PTBred is a multidisciplinary collaborative network established in 2014 in Spain, recruiting children < 18 years with TB. Since 2017, different types of samples have been stored in the Biobank of the Gregorio Marañon Hospital or in the individual collection registered as C.0006631 in the National Biobank Collections Registry. For this study, a common protocol for sample processing was implemented in October 2019, including children with children with TB disease, infection, and exposure irrespective of their BCG-vaccination status. The pTBred and CITRUS study follow the same inclusion and exclusion criteria [ 16 ].

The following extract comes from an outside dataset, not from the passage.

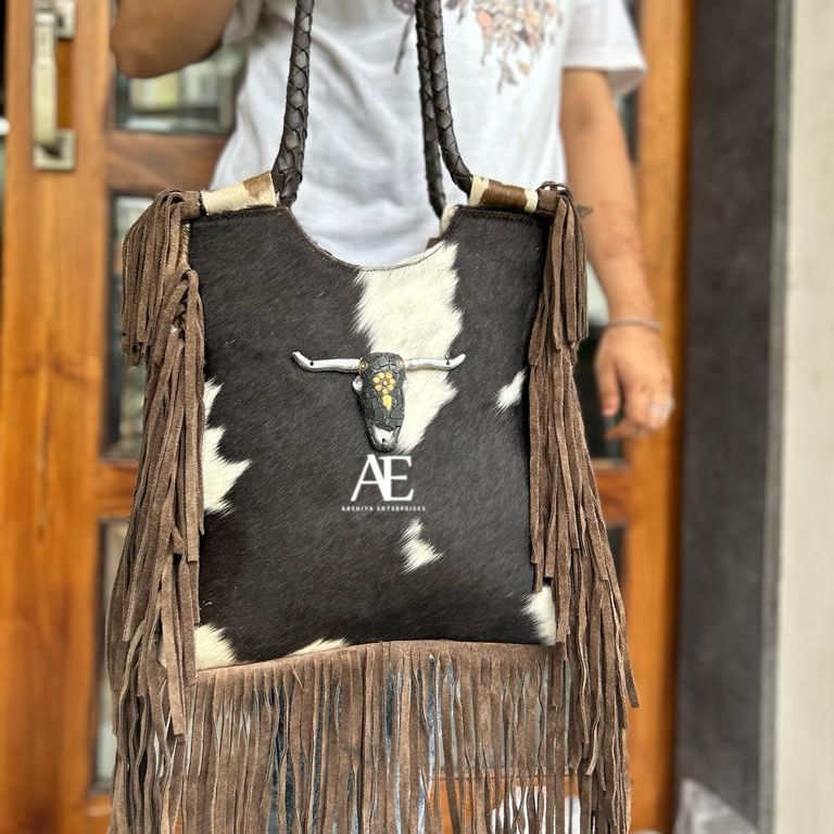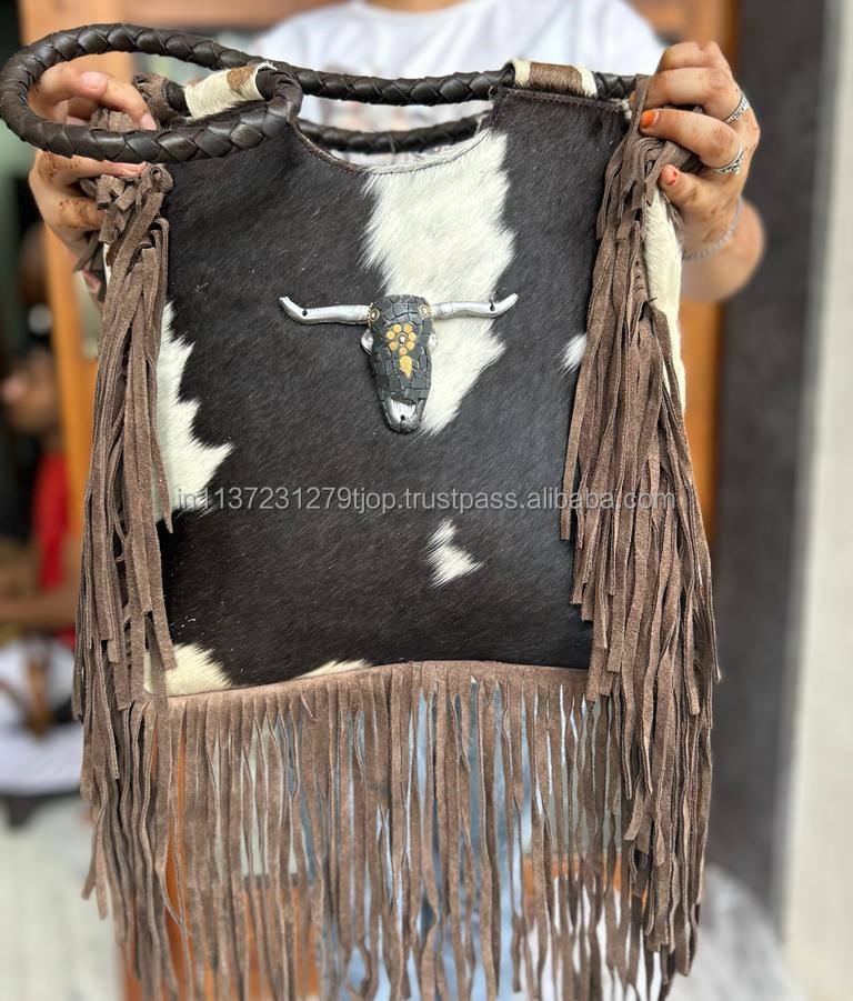 New Hot Sale Discount Cowhide Fur Leather Tote Bags Women Underarm Handbags High Standard Quality Bull Skull Piece Shopping Bags

The ProPAED study collected samples from children and adolescents presenting with fever and cough at two emergency departments in Switzerland (Basel and Aarau), from January 2009 to February 2010. For the ProPAED study, children with severe immunocompromise or known HIV infection, those undergoing immunosuppressive treatment, children with M. tuberculosis infection, neutropenia, cystic fibrosis, viral laryngotracheitis, hospital stay within the preceding 14 days, or other severe infections (e.g., osteomyelitis, endocarditis, or deep tissue abscesses) were excluded [ 17 ].

Case definitions

In this study, we will use the published criteria of compound TB case definitions proposed by Graham et al. [ 18 ]. Briefly, confirmed TB disease is defined as the presence of bacteriologically confirmed TB disease through culture or nucleic acid amplification tests (NAAT). Unconfirmed TB disease is defined as the absence of bacteriological confirmation in the presence of at least two of the following criteria: symptoms or signs suggestive of TB disease, chest radiograph consistent with TB disease, close TB exposure or immunologic evidence of M. tuberculosis infection, positive response to TB treatment. TB infection is defined as the presence of immunologic evidence of M. tuberculosis infection, including a positive TST of ≥ 5 mm (in accordance with the Swiss and Spanish guidelines [ 19 , 20 ]) or a positive IGRA without meeting the criteria for confirmed or unconfirmed TB disease. Healthy TB-exposed children are defined as asymptomatic individuals with negative results on IGRA or TST test (single or repeat testing according to age, time since exposure as defined by national guidelines), making them unlikely to have TB. Children with non-TB lower respiratory tract infection will be the sick control group and are defined as presenting with fever (core body temperature ≥ 38.0° C) and at least one symptom (cough, sputum production, pleuritic pain, poor feeding) and at least one sign (tachypnea, dyspnoea, wheezing, late inspiratory crackles, bronchial breathing, pleural rub) lasting for fewer than 14 days.

Age stratification

The study will analyse antibody concentrations and properties in children stratified into distinct age groups: 0 to < 2, 2 to < 5, 5 to < 10, and ≥ 10 years, as proposed by Cuevas et al. [ 21 ]. This stratification is crucial due to the differences and dynamics of the nature of TB disease across age. In the youngest age range (infants and children < 2 years old), disseminated diseases and heightened susceptibility to progression from TB infection to TB disease is well-documented [ 22 ]. The risks for progression from infection to disease, as well as the subsequent mortality risk following development of disease, consistently declines during childhood, reaching its lowest point between 5 and 10 years of age [ 23 ]. Transitioning into adolescence and the onset of puberty, typically beyond the age of 10 years, the phenotype of TB disease becomes more adult-like. Pulmonary TB becomes more prevalent during this phase, contributing to an upsurge in TB-related mortality rates [ 24 , 25 ].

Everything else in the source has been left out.